Dataset extract =>
━━━

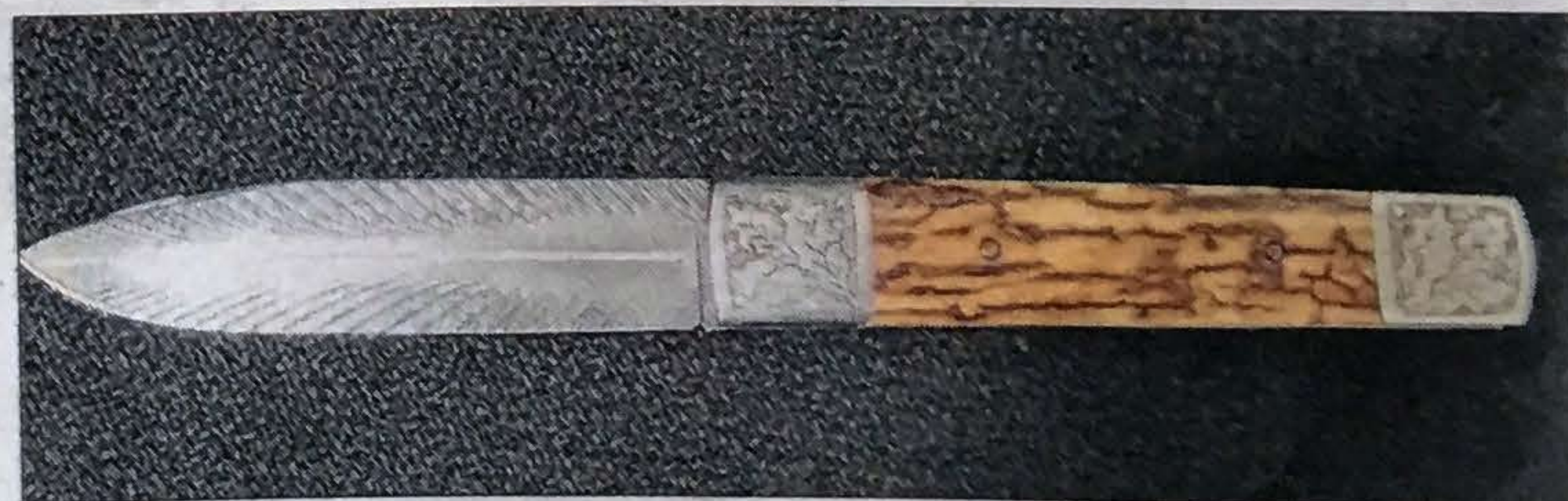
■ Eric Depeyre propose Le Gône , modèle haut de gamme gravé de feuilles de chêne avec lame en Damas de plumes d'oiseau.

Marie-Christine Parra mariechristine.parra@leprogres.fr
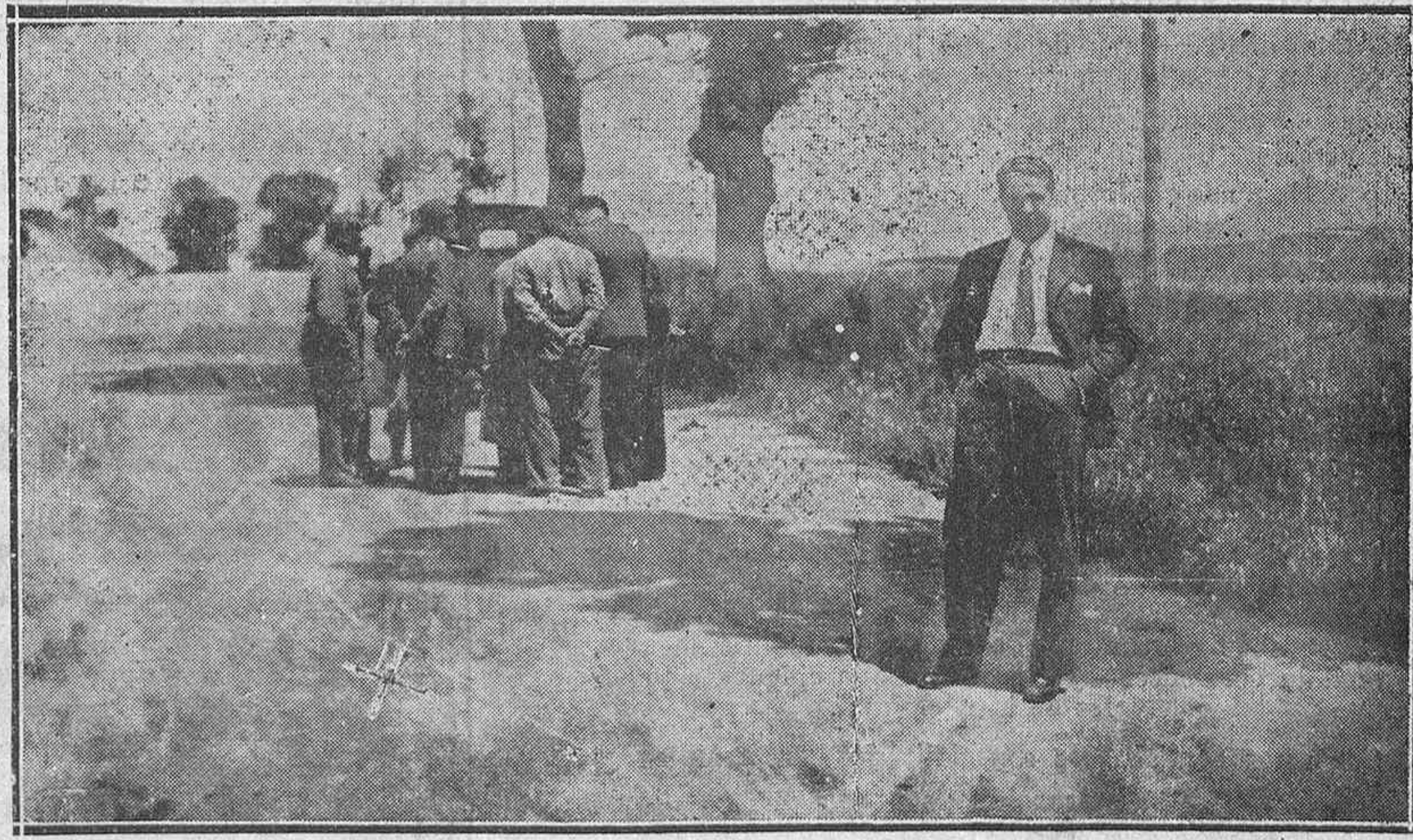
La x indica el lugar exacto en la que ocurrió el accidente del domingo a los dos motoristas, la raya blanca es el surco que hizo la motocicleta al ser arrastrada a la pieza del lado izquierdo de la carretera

━━━

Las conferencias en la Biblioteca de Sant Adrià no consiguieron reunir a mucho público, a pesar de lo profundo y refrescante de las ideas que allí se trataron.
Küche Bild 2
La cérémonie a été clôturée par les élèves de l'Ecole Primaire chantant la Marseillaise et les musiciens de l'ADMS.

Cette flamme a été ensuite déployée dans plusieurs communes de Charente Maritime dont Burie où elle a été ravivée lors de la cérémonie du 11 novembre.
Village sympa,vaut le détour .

━━━

Activity =>
Check every line of the listing above for the string "cérémonie", and give the number of lines that have it, nothing more.

Answer section =>
2